Subsequent successful exploration drilling indicated a trend of the mineralization towards the south onto a property owned by a third party.

The Company and Queenston jointly acquired this property, termed the "South Claims", and formed a joint venture to further explore this trend, which resulted in the SMC gold zones being extended onto this joint venture ground.

More recently, the trend was further extended by underground drilling from the Macassa Mine onto the north portion of Queenstons Amalgamated Kirkland Property.

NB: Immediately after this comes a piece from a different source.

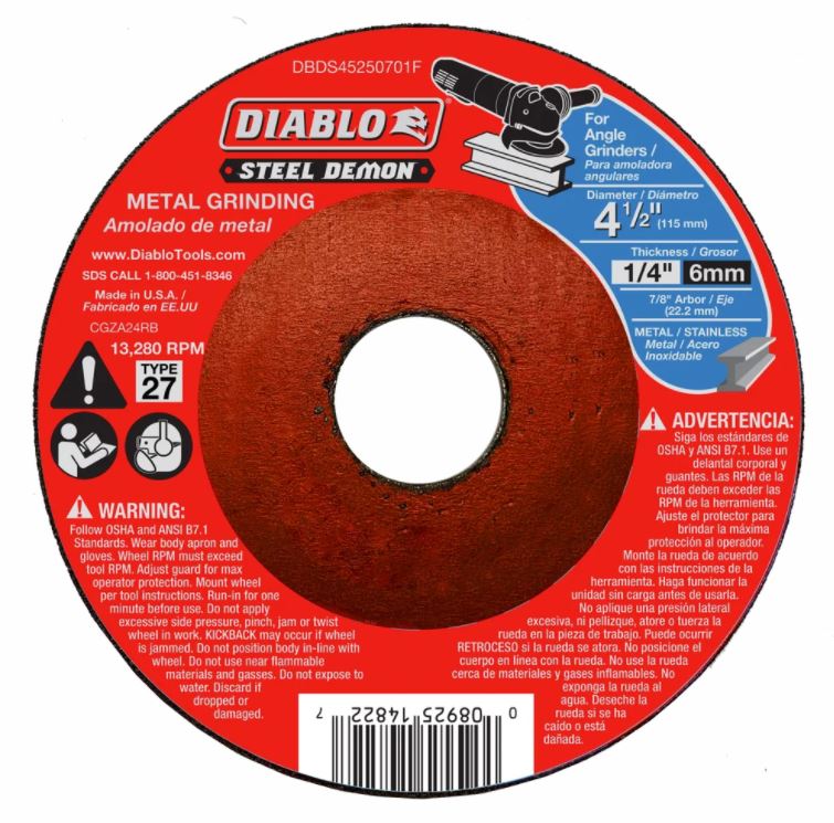 4-1/2"x1/4"x7/8" Steel Demon Type 27 Metal Grinding Disc

(See the Companys and Queenstons press releases dated August 24, 2010 and February 28, 2012). Other smaller properties were also acquired by the Company and Queenston on a joint venture basis.
The properties being purchased consist of the South, HM and East Claims and the North Amalgamated Kirkland and the Kirkland Hudson Properties, all of which are adjacent to the Companys land position.

The acquisition also includes the Kirkland Lake West and the Gracie West Properties to the west, as shown on the attached map (see Figure #1) which are thought to contain the west extension of the Main Break.

On completion of the purchase, the Company will have increased its 100% land ownership to 10 kilometres of strike length in the camp.


Based on drilling through December 2010, the following resources have been estimated on the South Claims.
Table of Mineral Resources on the South Claims JV Property Mineral Resource Category As at January 1, 2011 Tons (Tonnes) Grade (Au oz/ton) (gms/tonne) Ounces
Indicated 101,000 (92,000) 1.41 (48.3) 143,000 Inferred 113,000 (103,000) 1.35 (46.3) 153,000
These resource estimates were also included as part of a broader report prepared for the Company by Glenn R.

Clark, P.Eng., dated April 4, 2011 entitled Review of Resources and Reserves of Macassa Mine, Kirkland Lake, Ontario at January 1, 2011.

This report is available on SEDAR ( www.sedar.com ).
About the Company
The Company purchased the Macassa Mine and the 1,450 ton per day mill along with four former producing gold properties - Kirkland Lake, Teck-Hughes, Lake Shore and Wright Hargreaves - in December 2001.

These properties, which have historically produced approximately 22 million ounces of gold, extend over seven kilometres between the Macassa Mine to the west and Wright Hargreaves to the east and, for the first time, are being developed and explored under one owner.

This camp is located in the Southern Abitibi Greenstone Belt of Kirkland Lake, Ontario, Canada.